On April 8, 2026, SMG Growing Media LLC (“Media”), an Ohio limited liability company and wholly-owned subsidiary of The Scotts Miracle-Gro Company (the “Company”) entered into, among other things, a Securities Purchase Agreement (the “Agreement”) with Vireo Growth Inc., a British Columbia Corporation (“Vireo”) and Prolific Supply LLC, a Delaware limited liability company, pursuant to which, subject to the terms and conditions set forth therein, Media sold the Company’s Hawthorne business (“Hawthorne”) to Vireo for 213 million subordinate voting shares in the authorized share structure of Vireo (“Vireo Shares”) and warrants to acquire 80 million additional Vireo Shares. Hawthorne provides nutrients, lighting and other materials used for indoor and hydroponic gardening in North America. This transaction closed substantially simultaneously with the signing of the Agreement.

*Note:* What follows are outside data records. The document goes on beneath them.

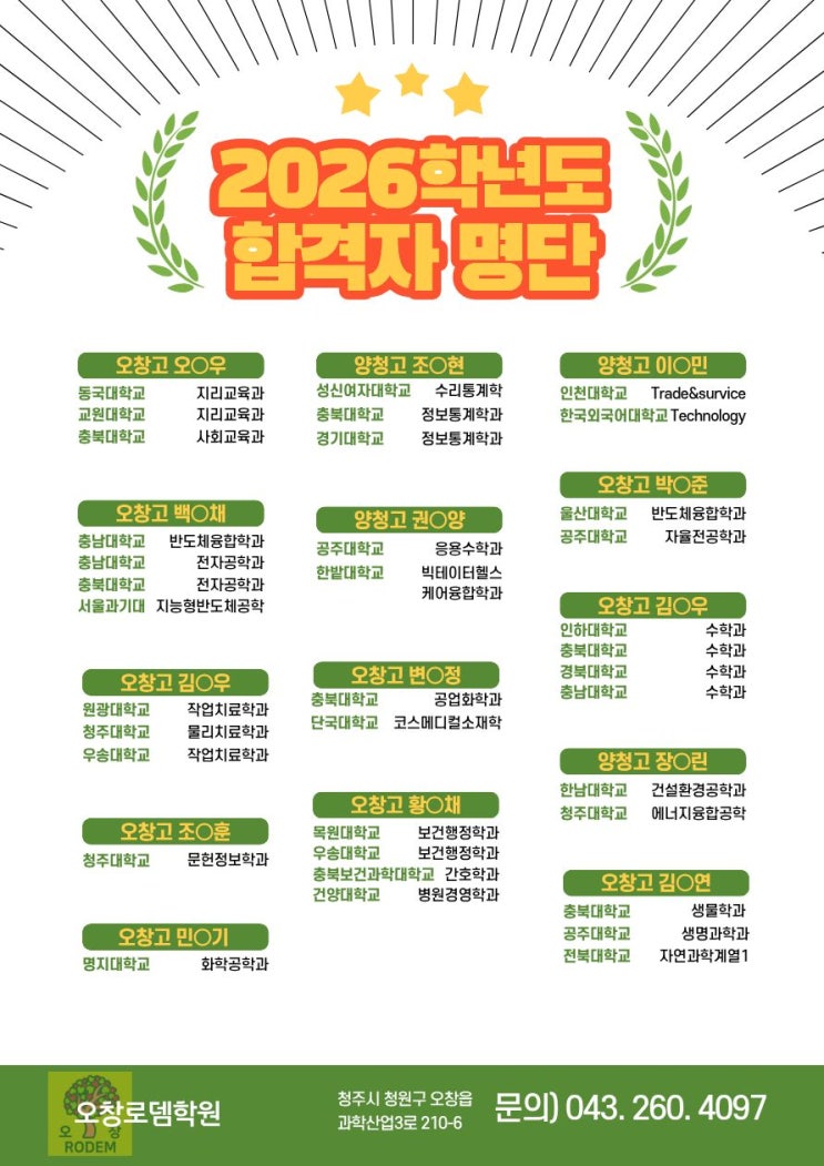 안녕하세요, 오창로뎀학원입니다 드디어 기다리던 2026학년도 대학 입시 결과가 모두 마무리되었습니다. 올해도 오창로뎀학원 학생들이 각자의 자리에서 값진 결실을 맺었습니다. 한 문제, 한 단원씩 묵묵히 쌓아온 시간들. 그 과정 속에서 포기하지 않고 끝까지 달려준 우리 학생들, 그리고 믿고 맡겨주신 학부모님들께 진심으로 감사드립니다. 오창로뎀학원, 올해도 입시 결과로 말합니다 이번 입시에서 오창로뎀학원은 사범대, 공대, 자연계열, 보건계열, 상경계열 등 다양한 분야에서 합격 소식을 전할 수 있었습니다. 특히 눈에 띄는 점은 ✔ 특정 상위권 몇 명의 결과가 아닌 ✔ 여러 학교, 다양한 전공으로의 고른 합격이라는 점....... <img src="https://blogthumb.pstatic.net/MjAyNjAxMzFfMTAz/MDAxNzY5ODMyNTQzMDcw.GI5-Khm2eQ_9WXeQrreBFF-Y-GmwgcAKFf6PK77O67Ag.nPQCewOxAo7fbZBNUdp0X_5J-fFV9P2ENntv_ofXru8g.JPEG/%C1%A6%B8%F1%C0%BB_%C0%D4%B7%C2%C7%D8%C1%D6%BC%BC%BF%E4._%284%29.jpg?type=s3" />
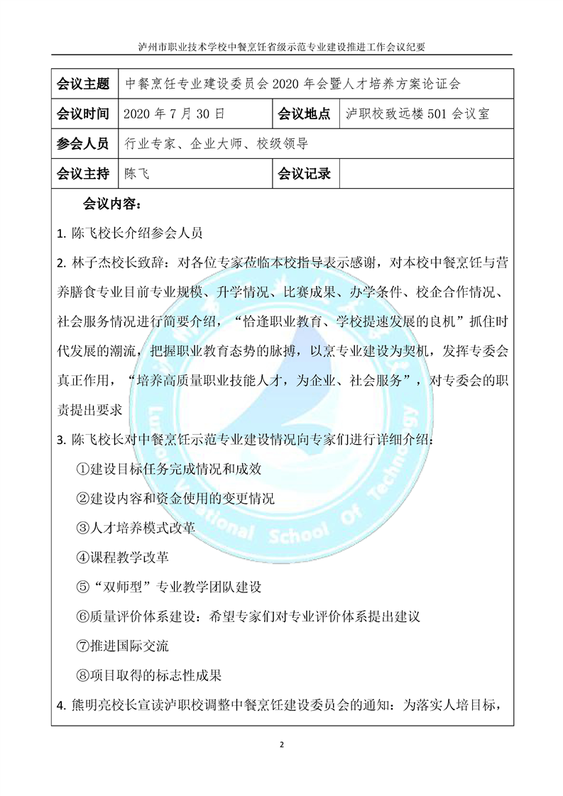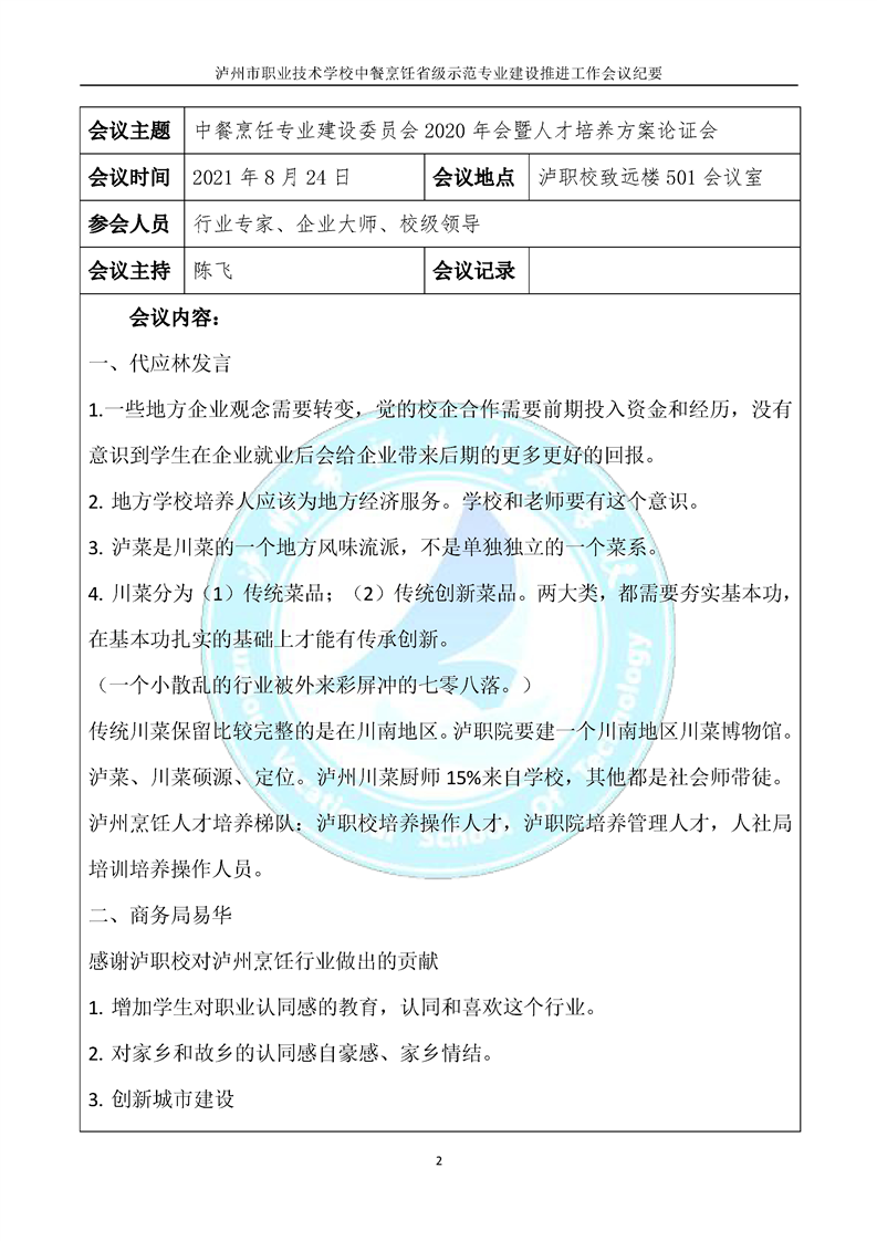 当前页面:中餐烹饪终期验收 >> 专业建设任务 >> 1.2创新人才培养模式 >> 1.2.1专业动态调整机制建设 >> 1.2.1.2专业建设指导委员会
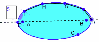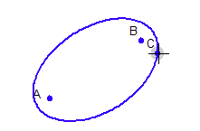 作成した楕円には、3つの点が表示される点に注目してください。そのうち2つは焦点、もうひとつは、楕円の周上に表示されます。
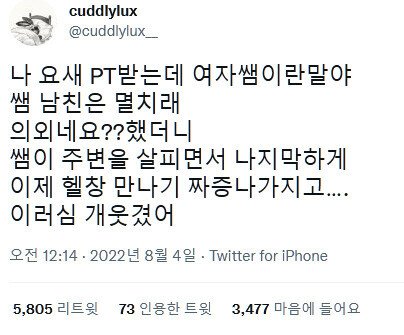 헬스장 PT 여쌤의 남친은 의외로 멸치.jpg 타짜이진호 0 4 0 0 10.12 15:09 ㅋㅋㅋㅋㅋㅋㅋㅋㅋㅋ 0 0 Author 0 0 Lv.28 타짜이진호 아이언 278,000 (26.6%) 등록된 서명이 없습니다.
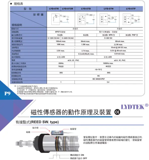 LYDTEK磁性開關LYD-17系列有:LYD-17R,LYD-17RD,LYD-17N,LYD-17P;
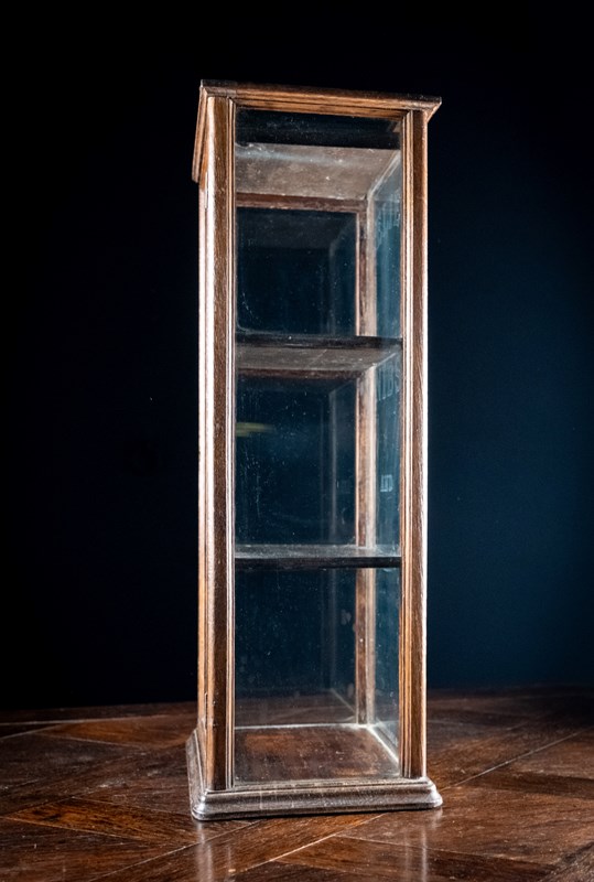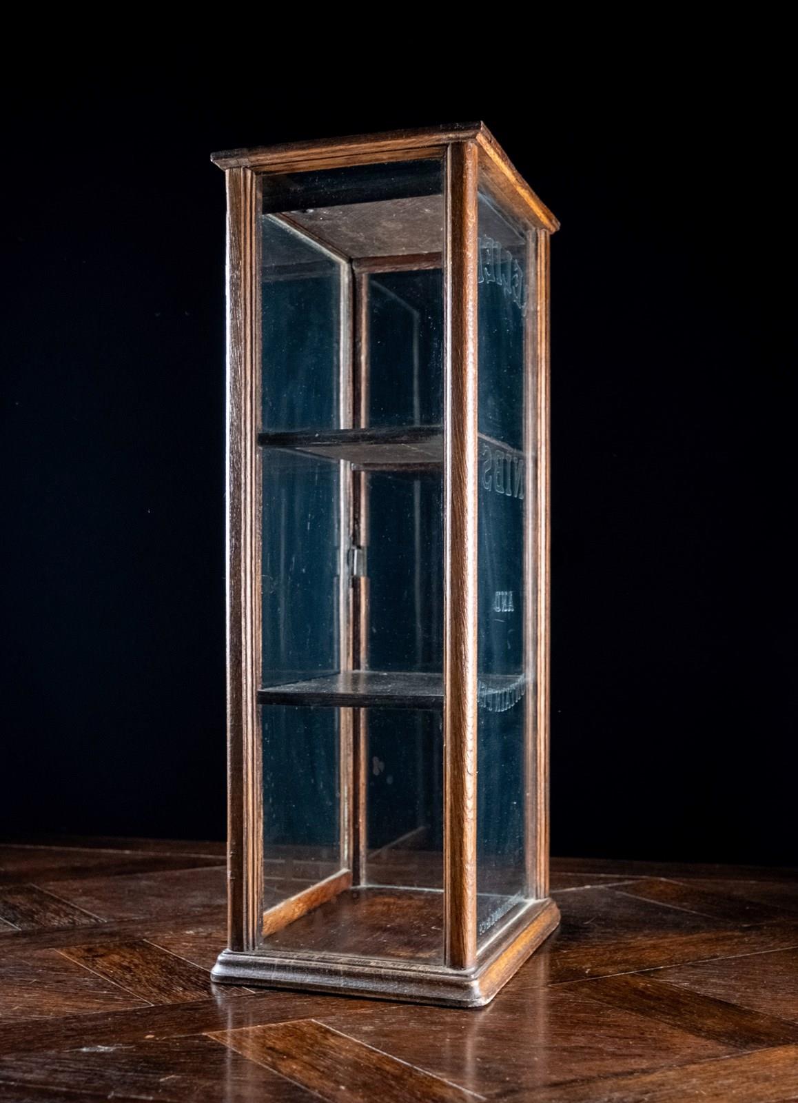The oak frame supports a glass door, back and sides, with two thin removable drawers to the interior. The cabinet remains in a wholly untouched original condition. There are some signs of wear commensurate with age throughout as one would expect such as some light marking and scratching to the glass in areas. Key absent.
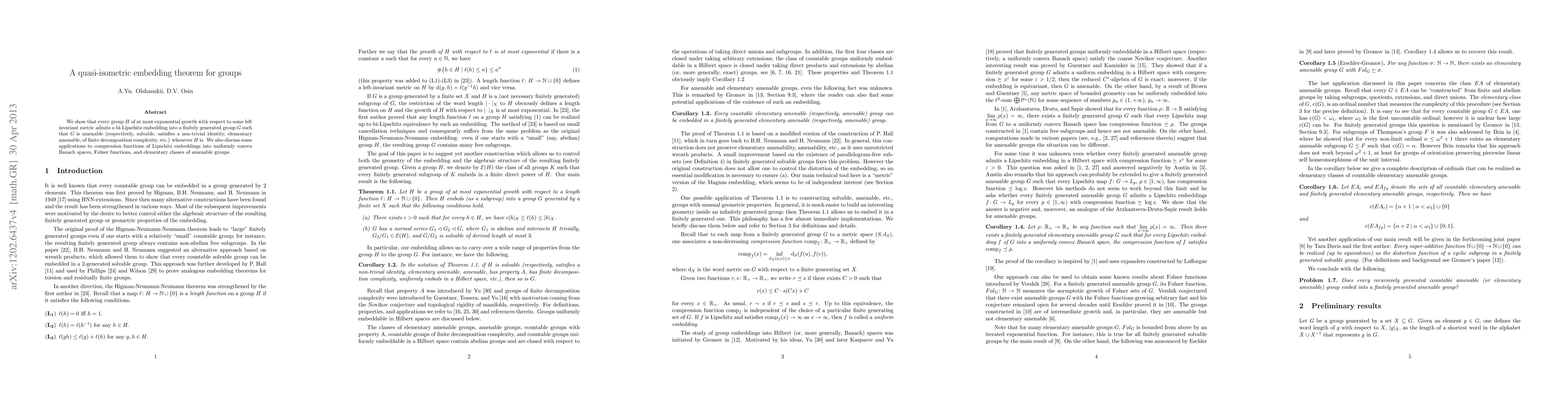 We show that every group $H$ of at most exponential growth with respect to some left invariant metric admits a bi-Lipschitz embedding into a finitely generated group $G$ such that $G$ is amenable (respectively, solvable, satisfies a non-trivial identity, elementary amenable, of finite decomposition complexity, etc.) whenever $H$ is. We also discuss some applications to compression functions of Lipschitz embeddings into uniformly convex Banach spaces, F{\o}lner functions, and elementary classes of amenable groups.
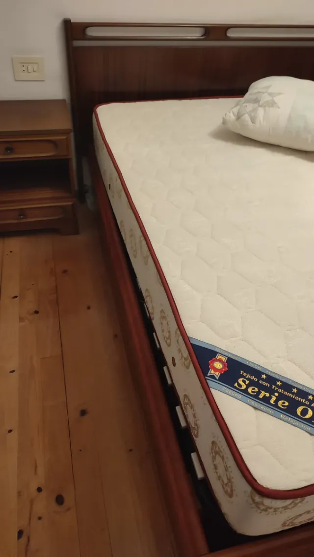 Conjunto de muebles para dormitorio. - Canapé de madera. - Dos mesitas de noche a juego. - Aparador de madera. Espejo y colchon
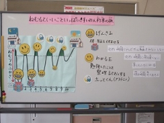 2学期の発育測定のあと、睡眠について全学年学習しました。テーマは「ねむるといいこといっぱい!すいみん列車の旅」です。人間の睡眠には、深い眠りと浅い眠りがあることを伝え、寝始め1~3時間の深い眠りのときは成長ホルモンがたくさんもらえること、深い眠りでは「げんき玉(脳や体のつかれをとる)」、浅い眠りでは「わかる玉(勉強したことや覚えたことを整理・記憶する)」がもらえること、また、真夜中には風邪の予防や心を安定させる働きのある「ホッとくん(メラトニン)」も放出され、早くねむると私たちのからだにとってよいことがたくさんあることを学びました。全学年、1週間「ねむるといいこといっぱいチャレンジ」に取り組みます。お子さまが早く寝られるよう、おうちでもぜひご協力をお願いします。
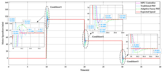 The statistical data reveal that during the continuous speed change processes within Conditions #1 and #2, the traditional PID controller no longer meets the control performance requirements in terms of overshoot indicators. While both the fuzzy PID and MPC controllers perform similarly in steady-state parameters, the MPC controller exhibits superior overshoot indicators compared to the fuzzy PID in both acceleration and deceleration conditions. Furthermore, during the deceleration to a stop in Condition #3, the MPC process demonstrates smoother control with minimal oscillation, ultimately achieving the most effective control.
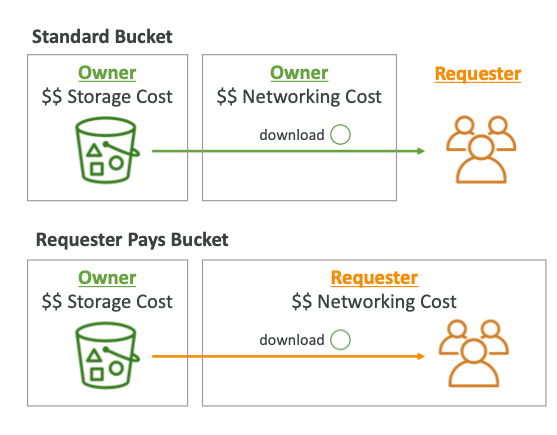 - “요청자 지불”버킷을 사용하면 버킷 소유자 대신 요청자가 요청 비용과 버킷에서 데이터 다운로드 비용을 지불한다.
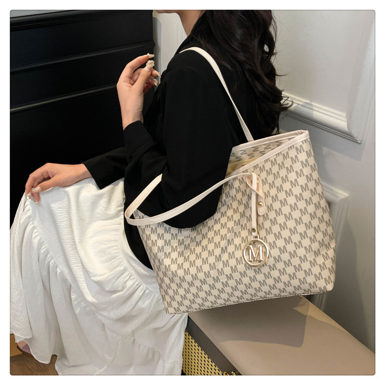 シンプル おしゃれ 大容量 2025 レトロ 夏新作 通勤 義母 ポータブル ショルダー トートバッグ 2点セット
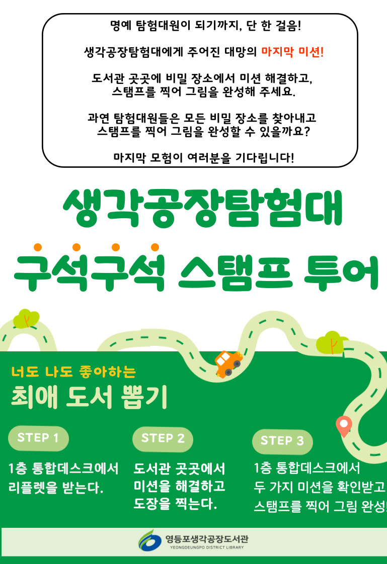 드디어 2025년 생각공장탐험대의 마지막을 장식할 '라스트 미션'이 시작된다. '명예 탐험대원'을 선발하는 최종 미션인 만큼, 지금까지와는 차원이 다른 엄청난 난이도의 미션들이 기다리고 있다. 도서관 곳곳에 숨겨진 미션들을 해결하고 스탬프를 찍어. 오직 모든 미션을 완수하고 스탬프를 찍은 탐험대원만이 **[그림]**을 완성할 수 있다. 탐험대원들은 과연 이 어려운 미션을 모두 해결하고 명예 탐험대원의 자리에 오를 수 있을까? [라스트 미션 안내]
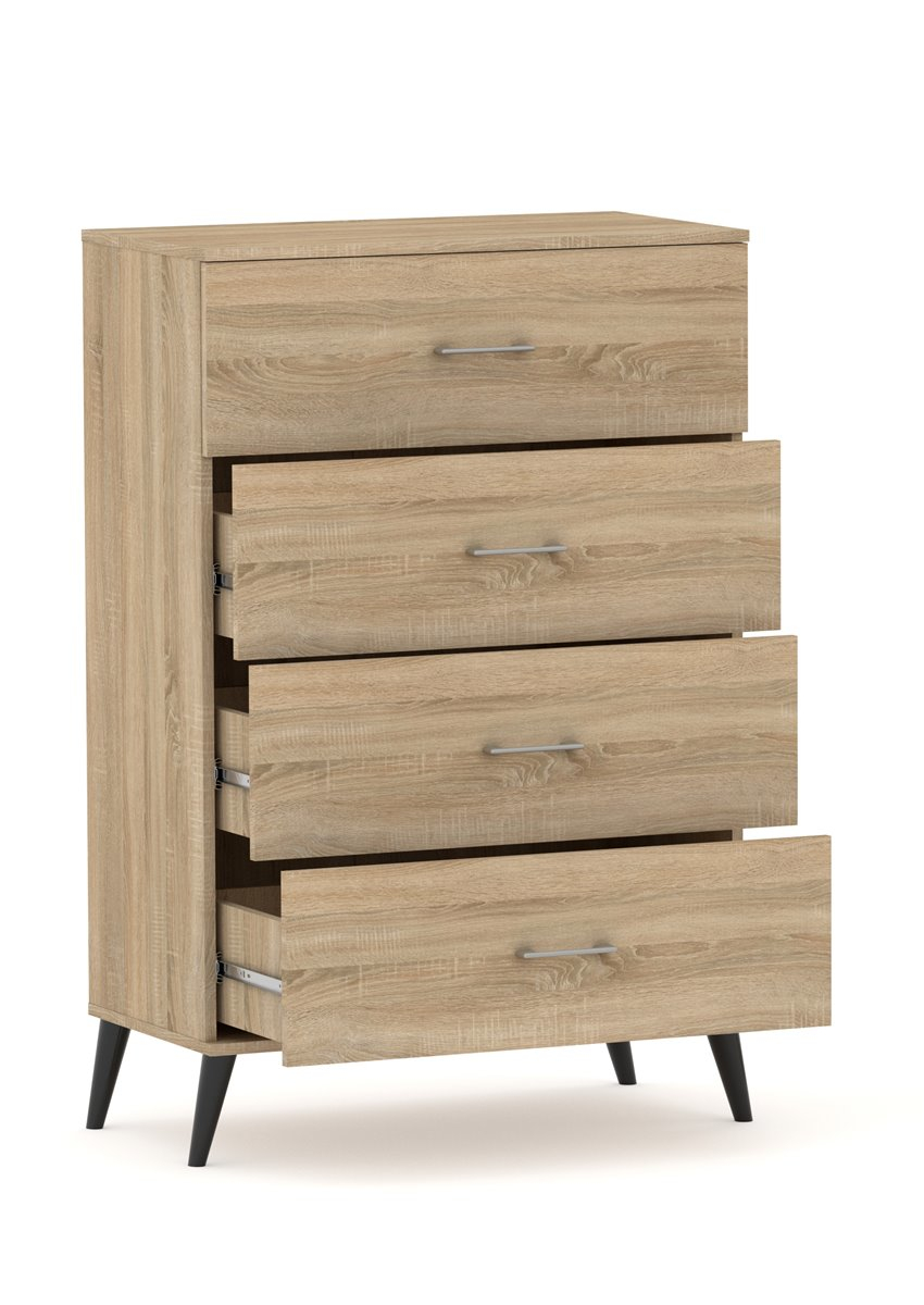 Komoda posiada 4 szuflady zamontowane na prowadnicach kulkowych z pełnym wysuwem. Wysokość frontu to aż 25,5 cm !
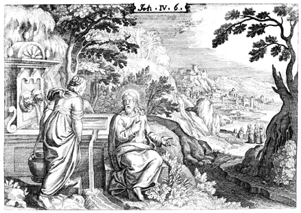 Description: Jesus speaks with the Samaritan woman at the well in Sychar.

As previously announced, effective in its first quarter of fiscal 2026, the Company classified its results of operations for all periods presented to reflect Hawthorne as a discontinued operation.
A copy of the Company’s press release announcing the completion of this transaction is being furnished as Exhibit 99.1 and is incorporated herein by reference.
Item 9.01. Financial Statements and Exhibits.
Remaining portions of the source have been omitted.